Have you ever wondered: “Why do I eat past fullness?” If this question has crossed your mind, you’re not alone. In fact, it’s an extremely common question or frustration that clients bring to us. Sometimes, pursuing Intuitive Eating leads us to (incorrectly) believe that we’ll never again be uncomfortably full, we’ll never again have diet culture influence our decisions or we’ll never again have the desire to lose weight. Becoming an intuitive eater simply means that instead of a pass/fail program, you’re on a continuous life-long journey of pursuing health and a peaceful relationship with food and with your own body. Sometimes, you will eat past fullness. It’s just a thing that happens in the course of normal eating. But because eating past fullness can be physically uncomfortable and can also trigger downward spiraling thoughts of “failure” or guilt, we wanted to go deeper on this topic and discuss the different reasons it might happen as well as how to handle it when it does.

Why Do We Eat?

Let’s briefly separate a few different reasons why we eat. Food meets a physical need: nourishment, energy, calories. Food also meets social and emotional needs: connection, fellowship, celebration, and pure pleasure. On occasions when you’re eating to meet social and emotional needs, it makes sense that tuning into the hunger and fullness scale isn’t on the forefront of your mind. It’s simply not the purpose of that particular eating experience. On the other hand, when the focus of the meal or snack is on nourishment and satisfying your hunger, then stopping at a particular point of fullness may be more appropriate to focus on. Let’s consider next why we overeat

Types of Overeating

Another great non-diet RD named Kylie Mitchell has a few blog posts on the topic of overeating. In one of them, she breaks down overeating into two categories: pleasurable and chaotic. This is such a helpful way to view the different reasons one may overeat. 

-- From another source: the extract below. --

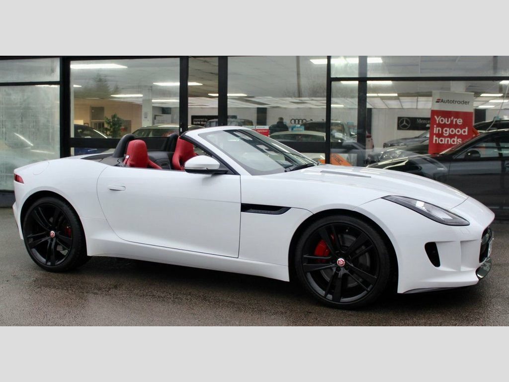 Fuji White, Premium Red Leather Sports Seats (£3105 option), 20" Back Cyclone Alloys (£1750 option), Meridian 770W Premium Sound System (£1700 option), Swat Memory Pack 2 (£1495 option), Smart Key System With Keyless Entry (£450 option), InControl Apps (£350 option), Reverse Park Camera With Guidance (£255 option), Front Parking Aid (£245 option), Heated Seats (£350 option), Black Pack (£595 option), Satellite Navigation, Red Brake Callipers, Switchable Sports Exhaust, Electric Folding Wing Mirrors, Recent Full Set of Pirelli P Zero Tyres, Bluetooth Phone and Audio, CD Player, Electric Convertible Roof, Cruise Control, Electric Convertible Roof, Electric Mirrors, 2 Keys Book Pack and Receipt File, Service History - 7 Services Last Done at 49k miles. Jaguar High Performance Braking System w, Jaguar Smart Key System with Keyless Ent, Black Pack, Premium Leather with Premium Leather Int, Heated Front Seats, Reverse Park Camera with Guidance, Front Parking Aid, Phone Connect and View - InControl Apps, Satellite Navigation - EU, Seat Memory Pack, 20in Alloy Wheels - Black Cyclone, Meridian 770W Surround Sound System - 12, Polaris White, 12V Power Socket - Front, 1x USB Socket, ABS - Anti-locking Braking System, ASL - Automatic Speed Limiter, Adaptive Dynamics, Airbags - Driver, Airbags - Front Side, Airbags - Passenger, Auto-Dimming Interior Rear View Mirror, Automatic Headlight Washers, Bluetooth Telephone Connectivity, Centre Console - Dar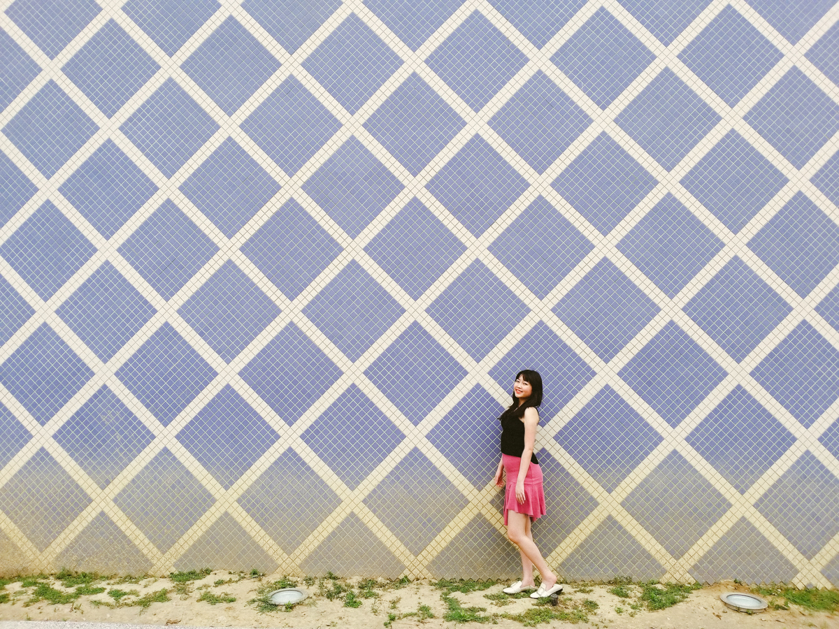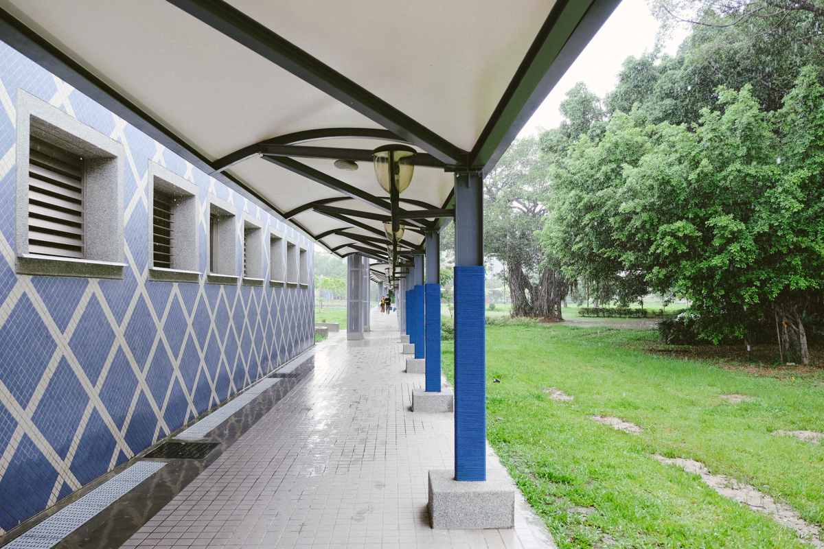 不過除了正門那面大牆之外,其實在運動中心的側面還有像這樣的長廊也非常適合拍照打卡哦。

Pleasurable overeating happens usually when you’re eating for social and emotional needs. The eating experience itself was enjoyable, satisfying, and part of what made it so pleasurable was that you weren’t hyperfocused on feeling your fullness or assessing your place on the hunger-fullness scale. You were enjoying the moment, you were fully present with the people around you, and you were eating for the pure joy of the occasion. This might lead to a point past fullness. And that’s OK. Remember: overeating is a normal thing that occasionally happens in the course of a neutral and peaceful relationship with food. This type of overeating or eating past fullness doesn’t really require analyzing or reflecting. You don’t need to try and figure out what happened. You can just acknowledge it, move on, and maybe use a mantra to remind yourself of this: there is nothing you need to do to make fullness go away. It takes care of itself. Deep breath in. “This feeling will pass.” Deep breath out. 

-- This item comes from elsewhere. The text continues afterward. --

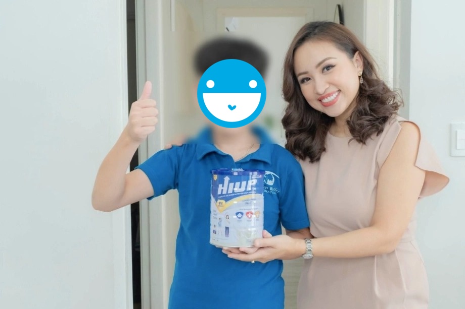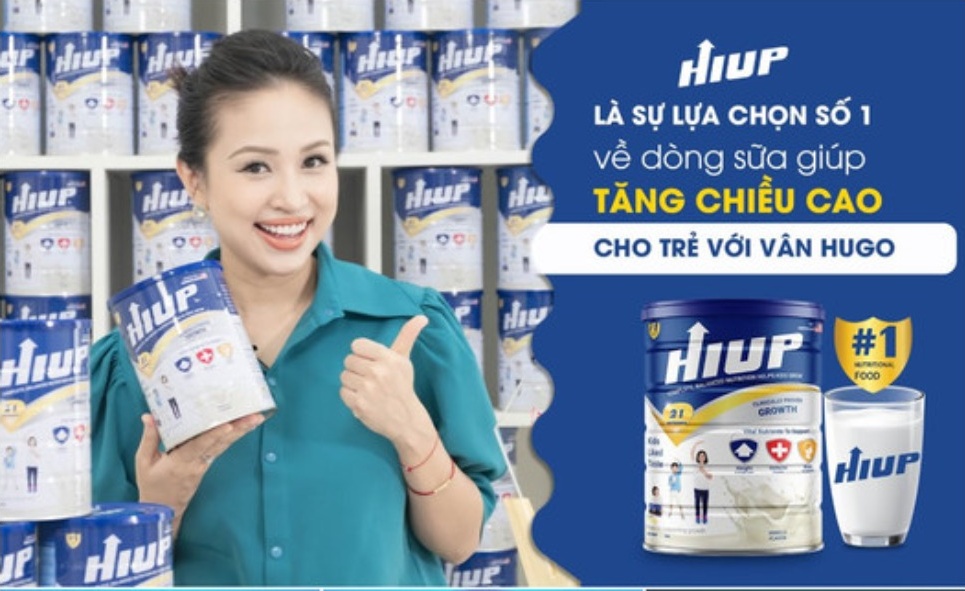 Trước khi xảy ra ồn ào sữa giả, Vân Hugo là một trong những người nổi tiếng tích cực quảng cáo cho loại sữa Hiup này.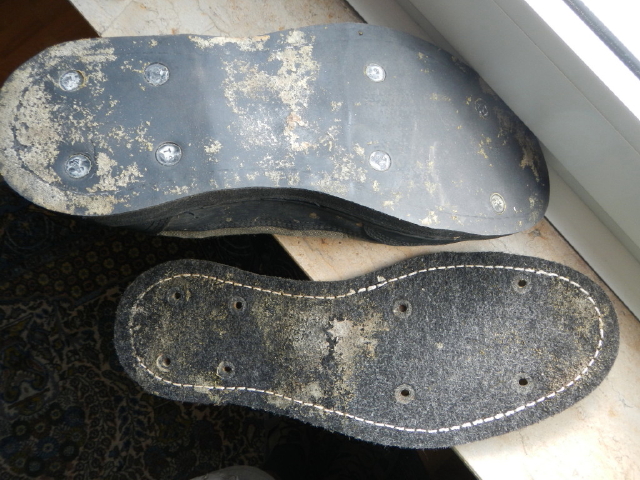 Die Filzsohlen haben sich beide komplett nach nur etwa 20 Angeltagen abgelöst.

Chaotic overeating is the other type. This can also be described as an out-of-control eating experience. This type of overeating not only feels unpleasant afterwards, when you’re overful, but it also likely feels unpleasant while you’re eating. You might feel: distracted, a foreboding sense of the oncoming guilt/shame, desperate, numb, worried, confused or upset. Usually, when we look deeply at them, out of control eating experiences are happening due to one main root reason: restriction.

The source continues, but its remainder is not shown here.